Мастеровая проговаривала каждое слово внятно, словно гвозди вколачивала. И с каждым словом Таня чувствовала, что ее первоначальное легкое раздражение против исторички превращается в настоящее возмущение.
– Гитлер антисемит! – воскликнула она. – Он ограничивает права евреев, отнимает у них имущество! Разве этого мало, чтобы считать его…
– Он отнимает имущество у представителей эксплуататорских классов, – перебила ее историчка. – Это, к твоему сведению, называется экспроприацией экспроприаторов и является важнейшей частью классовой борьбы. В нашей стране этот процесс начался после Великой Октябрьской социалистической революции и привел к созданию великого государства рабочих и крестьян. Надеюсь, хотя бы это тебе известно, – язвительно добавила она.
– Но это же совсем другое! – задыхаясь от возмущения, воскликнула Таня. – Это… – Она хотела сказать, что отнимать чье бы то ни было имущество вообще нельзя, но в последнюю секунду поняла, что говорить это бесполезно. Да и не это казалось ей главным в неожиданно возникшем споре с историчкой. – Гитлер унижает людей из-за их национальности! Он измеряет циркулем строение их черепов и после этого отправляет их в концентрационные лагеря. И немцы это одобряют! Но как же можно одобрять такое? И что же будет дальше? Людей начнут убивать за то, что у них черепа не такой формы, какую считает правильной Гитлер? А душевнобольных людей он уже убивает, когда отправляет в лагеря! Потому что они ведь не могут жить без врачебной помощи!
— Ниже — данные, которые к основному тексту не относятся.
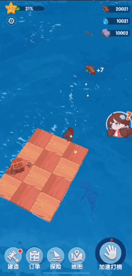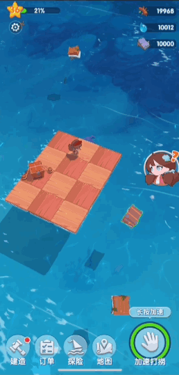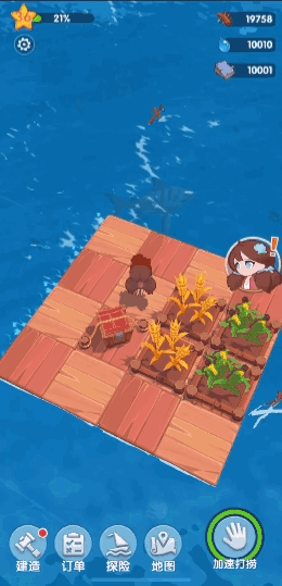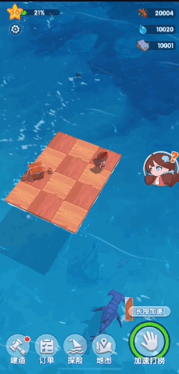 在游戏后期,种植农作物和加工道具都需要大量的基础材料,即水滴、木板和铁块。为了防止玩家对于不停捞垃圾感到无聊,并且便于玩家可以迅速获得大量材料,我们设置了“加速打捞”按钮,长按按钮就可以让主角汐汐自动地加速打捞哦!

Таня чувствовала, что от волнения говорит все менее правильно – французские конструкции просвечивают в русских фразах.
– Прекрати кричать, Луговская, – поморщилась историчка. – Кто тебе сказал эту ерунду про душевнобольных?
– Об этом пишут все французские газеты!
– Французские газеты занимаются клеветой.
– Гитлер диктатор и скоро начнет войну! Он захватит всю Европу!
– Вот что, Луговская… – Лицо исторички стало красным, потом белым. Потом она медленно приподнялась на стуле и развела руки, словно хотела защитить класс от Тани. – Эту буржуазную пропаганду оставь для разговоров у себя дома. А в школе будь добра учить уроки как положено. Садись – «неудовлетворительно»!
Она посмотрела на Таню с ненавистью. Мало сказать: с ненавистью – из ее глаз будто выметнулись стальные иглы.
Возражать ей было невозможно. Можно возражать словам, мыслям. Но этому ненавидящему взгляду…
Таня повернулась так стремительно, что скользнул по паркету каблучок ее туфли, и выбежала из класса.